» **What you will do**
Task for the records below: copy exactly, and only, the line containing "A modalidade da" and every line after it to the end, with pictures left out.

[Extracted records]
....................
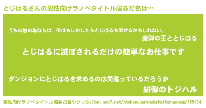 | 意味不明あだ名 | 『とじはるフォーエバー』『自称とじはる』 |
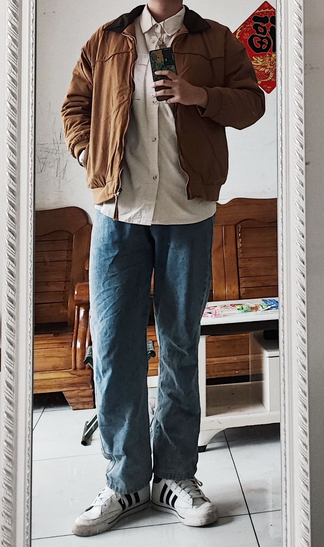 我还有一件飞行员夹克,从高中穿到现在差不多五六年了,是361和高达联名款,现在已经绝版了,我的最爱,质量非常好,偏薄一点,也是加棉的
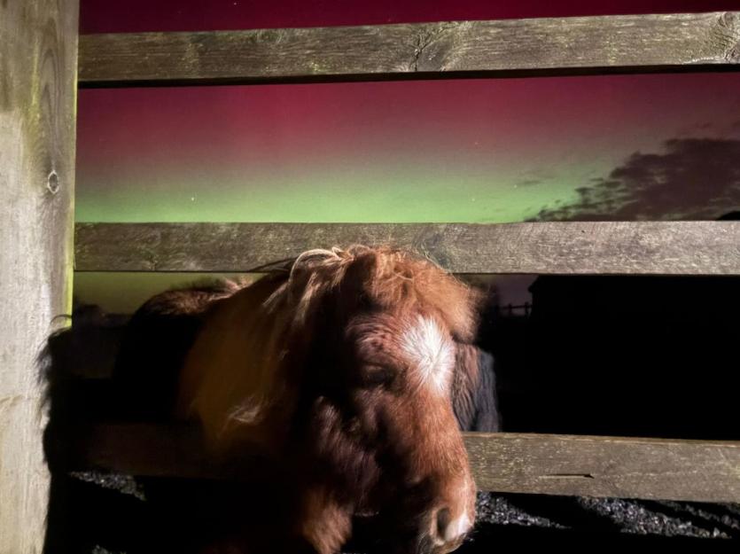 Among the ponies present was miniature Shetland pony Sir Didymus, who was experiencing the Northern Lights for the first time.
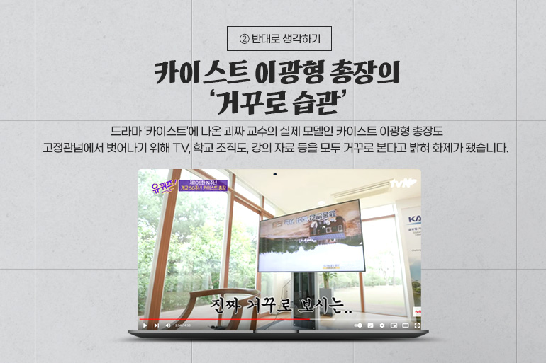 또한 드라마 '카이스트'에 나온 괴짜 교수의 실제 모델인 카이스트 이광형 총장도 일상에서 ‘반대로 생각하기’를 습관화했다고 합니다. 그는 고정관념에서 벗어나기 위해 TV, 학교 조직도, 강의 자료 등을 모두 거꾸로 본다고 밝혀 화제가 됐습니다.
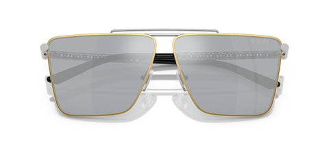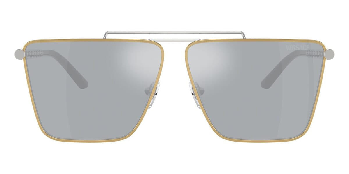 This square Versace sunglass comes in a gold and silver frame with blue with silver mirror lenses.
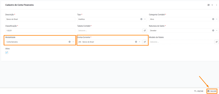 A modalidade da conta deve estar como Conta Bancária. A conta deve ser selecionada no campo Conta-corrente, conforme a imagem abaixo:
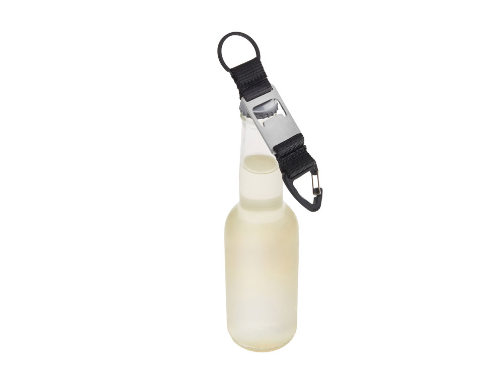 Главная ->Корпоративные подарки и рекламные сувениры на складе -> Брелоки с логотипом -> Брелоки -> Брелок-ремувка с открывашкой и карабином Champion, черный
....................
» **Solution to this task**
 A modalidade da conta deve estar como Conta Bancária. A conta deve ser selecionada no campo Conta-corrente, conforme a imagem abaixo:
 Главная ->Корпоративные подарки и рекламные сувениры на складе -> Брелоки с логотипом -> Брелоки -> Брелок-ремувка с открывашкой и карабином Champion, черный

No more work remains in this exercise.